• **INSTRUCTIONS FOR THE TASK**:
With the pictures set aside, return the lines below exactly, beginning at the first and ending at the line containing "近日,2025年江苏省高校微".

• **DATA BELOW**:
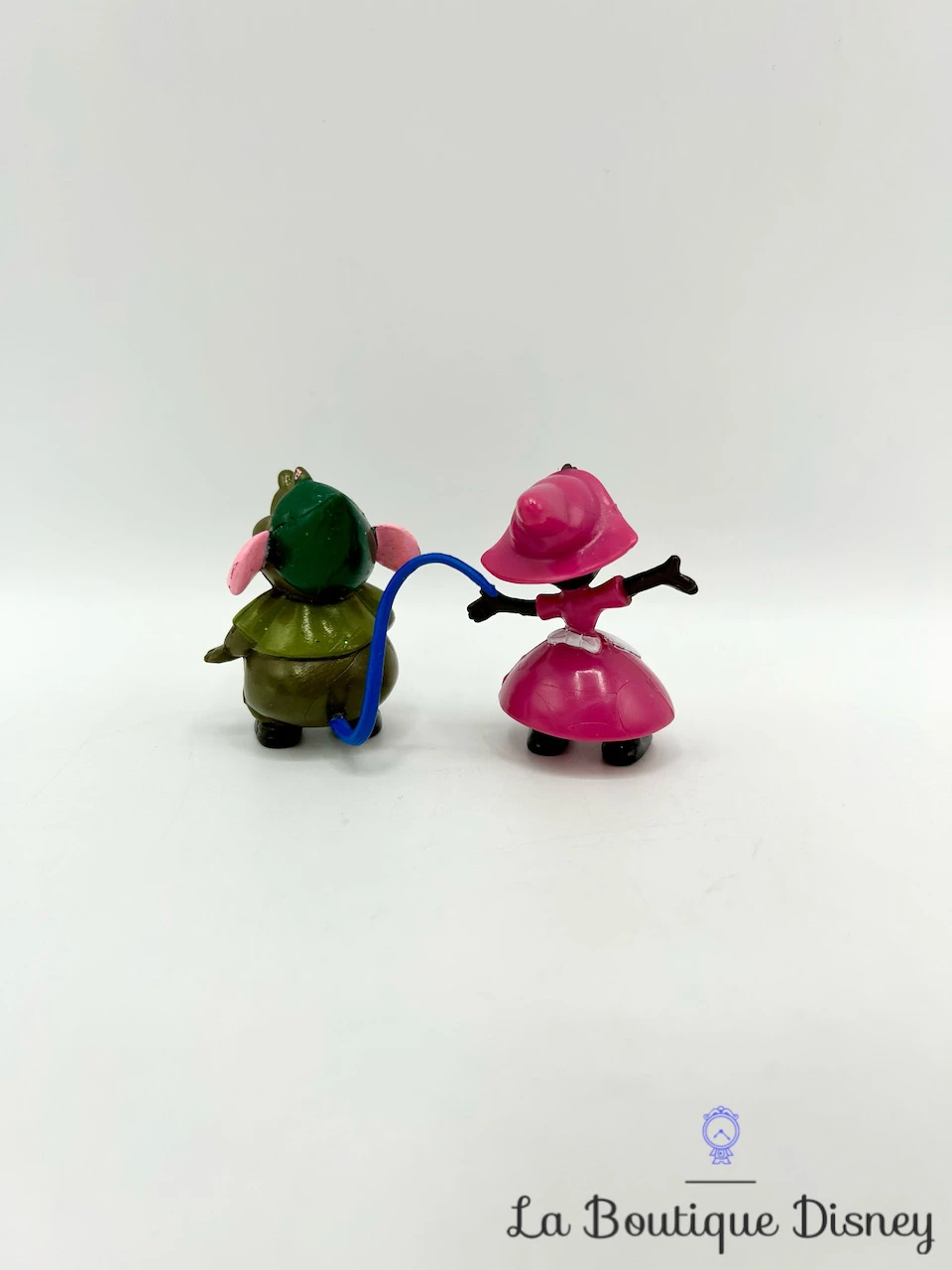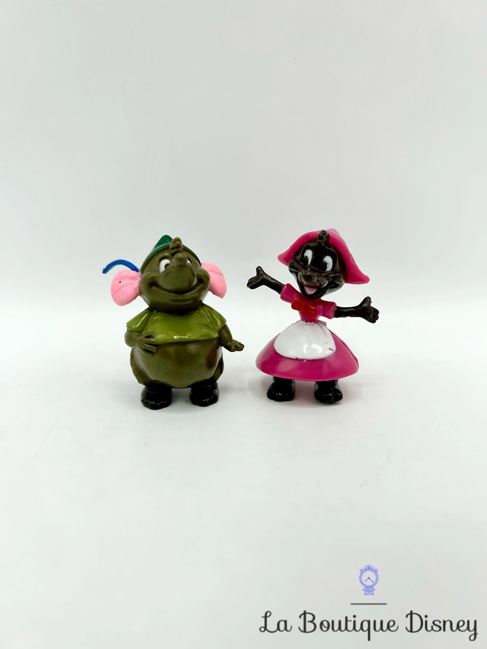 Figurines en plastique de deux petites souris présentes dans le dessin animé Cendrillon : Gus Gus la souris gourmande au tee-shirt vert et Perla la souris à la robe rose.
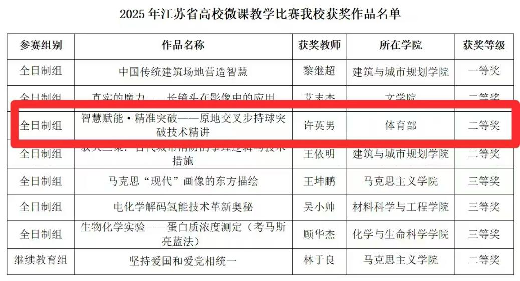 近日,2025年江苏省高校微课教学比赛结果揭晓,WilliamHill中文教师许英男主讲的《智慧赋能·精准突破——原地交叉步持球突破技术精讲》凭借课程设计的前沿性与教学实效性,荣获省二等奖。此次赛事由江苏省教育厅主办,吸引全省百余所高校参赛,作品涵盖多学科领域。
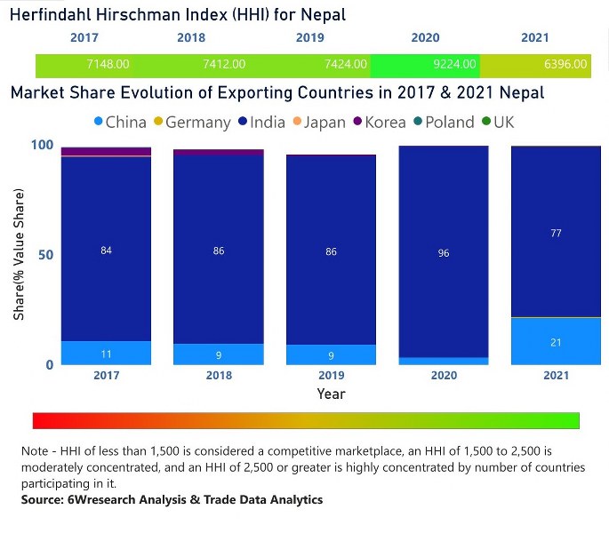 In the year 2021, India was the largest exporter in terms of value, followed by China. It has registered a growth of 28.99% over the previous year. While China registered a growth of 954.96% as compare to the previous year. In the year 2017 India was the largest exporter followed by China. In term of Herfindahl Index, which measures the competitiveness of countries exporting, Nepal has the Herfindahl index of 7148 in 2017 which signifies high concentration also in 2021 it registered a Herfindahl index of 6396 which signifies high concentration in the market.
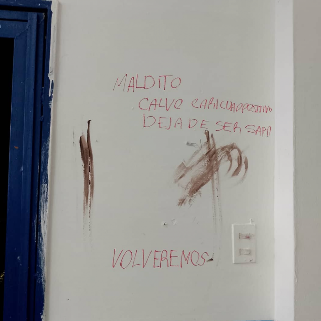 «Si creen que con pintas y llamadas nos van a silenciar, se equivocan. Ya son muchos años de amenazas, pero nuestra convicción es de acero. Caricuao Positivo seguirá alzando su voz por Caricuao, por la libertad y por la democracia; seguiremos siendo la voz de una parroquia que se niega rotundamente a vivir bajo el yugo del miedo».

• **SOLUTION**:
 Figurines en plastique de deux petites souris présentes dans le dessin animé Cendrillon : Gus Gus la souris gourmande au tee-shirt vert et Perla la souris à la robe rose.
 近日,2025年江苏省高校微课教学比赛结果揭晓,WilliamHill中文教师许英男主讲的《智慧赋能·精准突破——原地交叉步持球突破技术精讲》凭借课程设计的前沿性与教学实效性,荣获省二等奖。此次赛事由江苏省教育厅主办,吸引全省百余所高校参赛,作品涵盖多学科领域。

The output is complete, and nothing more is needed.